ICANN takes domain names global

ICANN has formally approved the use of non-Latin characters in domain names.

web address

Domain names are set to feature non-Latin characters for the first time, as the Internet Corporation for Assigned Names and Numbers (ICANN) has formally approved the move.

The change means Arabic, Chinese, Hindu and other non-Latin scripts will be better represented in address bars.

ICANN said the fast track process for the internationalised domain names would kick off 16 November. Countries will be able to apply for internet extensions made up of characters from their national language.

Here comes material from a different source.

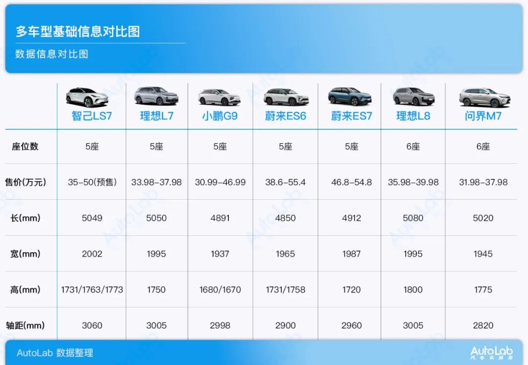 所以如果仅从尺寸上来看售价的话,小一圈的蔚来ES6起步价达到了38.6万,针对两孩家庭的理想L8售价35.98万。对比之下,少个座位少点钱的智己LS7的预售价倒也没那么天马行空。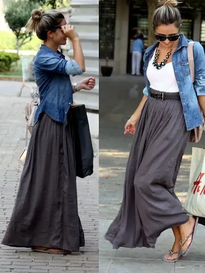 Uzun etek derken maxi etek kastettin sanirim. Nette bula bildiklerim bunlar, bu sekilde kombinleye bilirsin.

If approved, domains at those extensions - which are like our '.co.uk' - will be made available for registrations.

"Right now internet address endings are limited to Latin characters A to Z," said ICANN's chairman Peter Dengate Thrush, in a statement. "But the Fast Track Process is the first step in bringing the 100,000 characters of the languages of the world online for domain names."

ICANN president Rod Beckstrom said it will help bring more people online. "The first countries that participate will not only be providing valuable information of the operation of IDNs in the domain name system, they are also going to help to bring the first of billions more people online people who never use Roman characters in their daily lives," he said.

ICANN said the internationalisation was a historic moment for the internet - which turned 40 this week - and had taken years of testing and development.

"The coming introduction of non-Latin characters represents the biggest technical change to the internet since it was created four decades ago," Dengate Thrush added.